Directions for this task
All pictures are to be dropped, and the remaining data set down exactly.

Given information
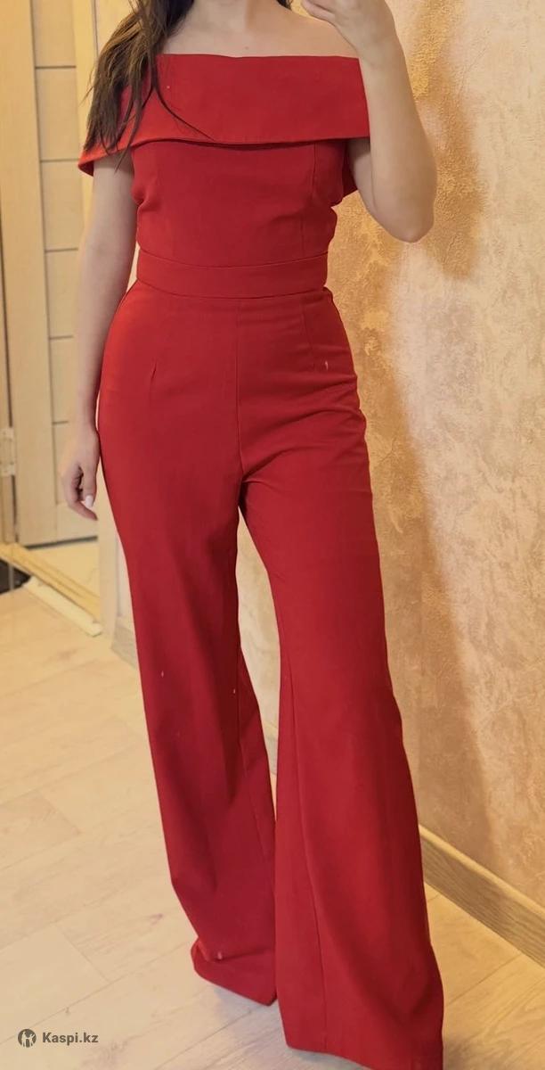 Комбинезон красного цвета с открытыми плечами Одевала 2-3 раза на вечер Сзади замок S-M размер Подойдёт на рост от 168 В хорошем состоянии можете спокойно одеть на мероприятие 7500 тг
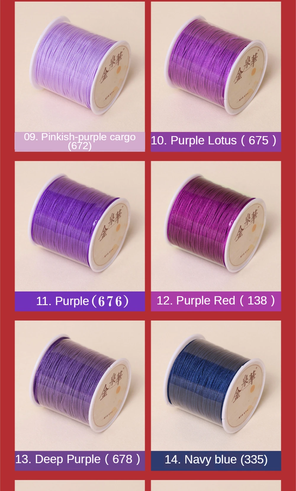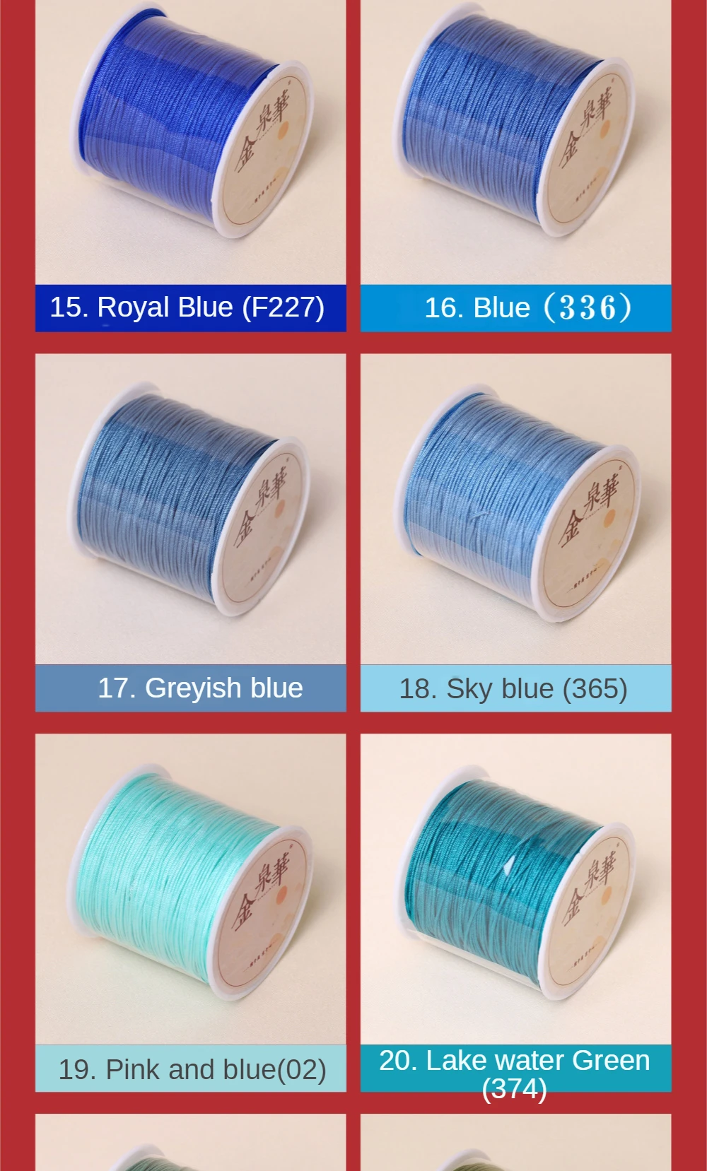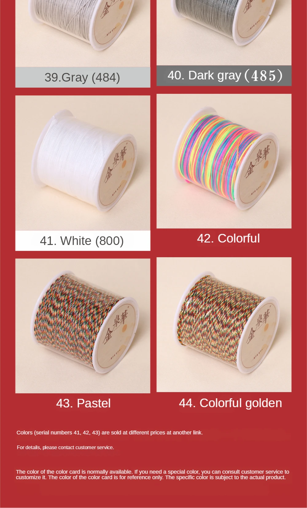 Brand NameNoneModel Number44MaterialNylonItem TypeJewelry FindingsItem Weight30Product FeaturesMixed colorJewelry Findings TypeCordsMeasurement unit100000015Each pack1
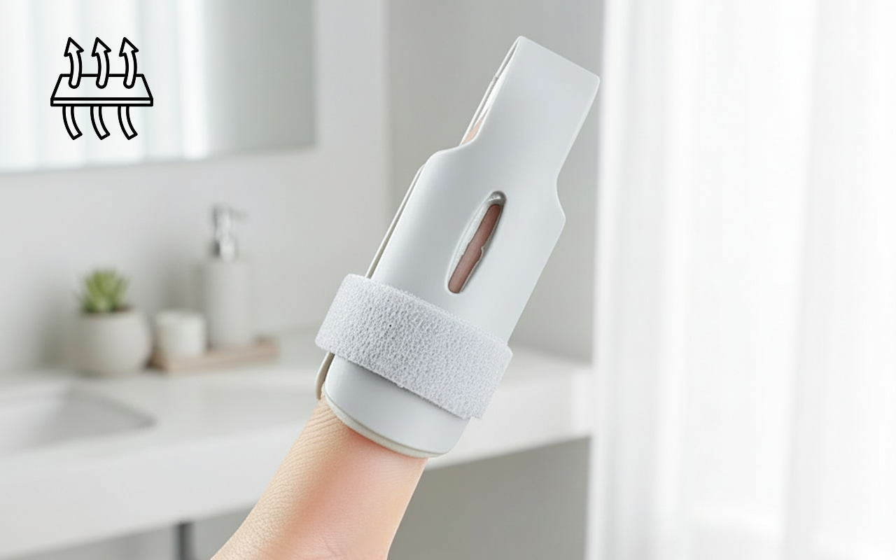 Orifícios especiais permitem o fluxo de ar facilmente, mantendo a pele fresca e seca. Use a tala de dedo Ortorex por mais tempo sem suar ou sentir coceira.
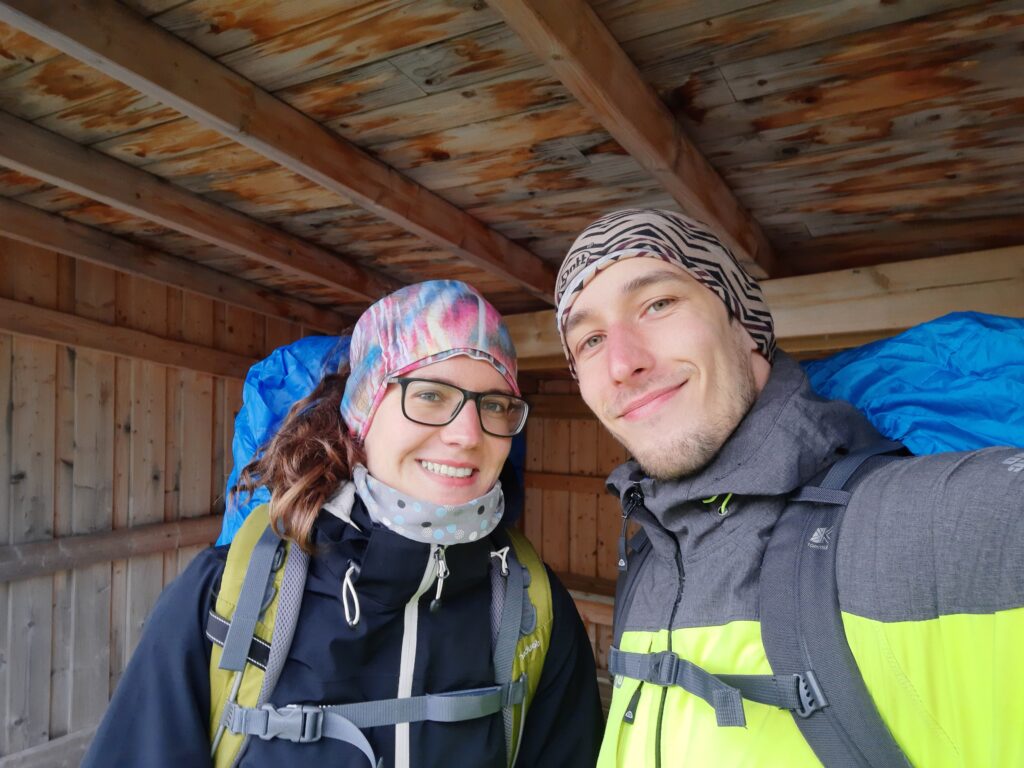 Dnes jsme vstali o něco později, než předchozí dny. Nic nás nežene, takže jsme nechali budík budíkem a čekali, až se probudíme. Už ráno nás maličko popoháněla zima, celkově je sluníčko pod velkými mraky a docela fouká vítr. V to, že by mraky rozfoukal ani nedoufáme, protože víme, že večer už bude pršet.

Answer section
 Комбинезон красного цвета с открытыми плечами Одевала 2-3 раза на вечер Сзади замок S-M размер Подойдёт на рост от 168 В хорошем состоянии можете спокойно одеть на мероприятие 7500 тг
 Brand NameNoneModel Number44MaterialNylonItem TypeJewelry FindingsItem Weight30Product FeaturesMixed colorJewelry Findings TypeCordsMeasurement unit100000015Each pack1
 Orifícios especiais permitem o fluxo de ar facilmente, mantendo a pele fresca e seca. Use a tala de dedo Ortorex por mais tempo sem suar ou sentir coceira.
 Dnes jsme vstali o něco později, než předchozí dny. Nic nás nežene, takže jsme nechali budík budíkem a čekali, až se probudíme. Už ráno nás maličko popoháněla zima, celkově je sluníčko pod velkými mraky a docela fouká vítr. V to, že by mraky rozfoukal ani nedoufáme, protože víme, že večer už bude pršet.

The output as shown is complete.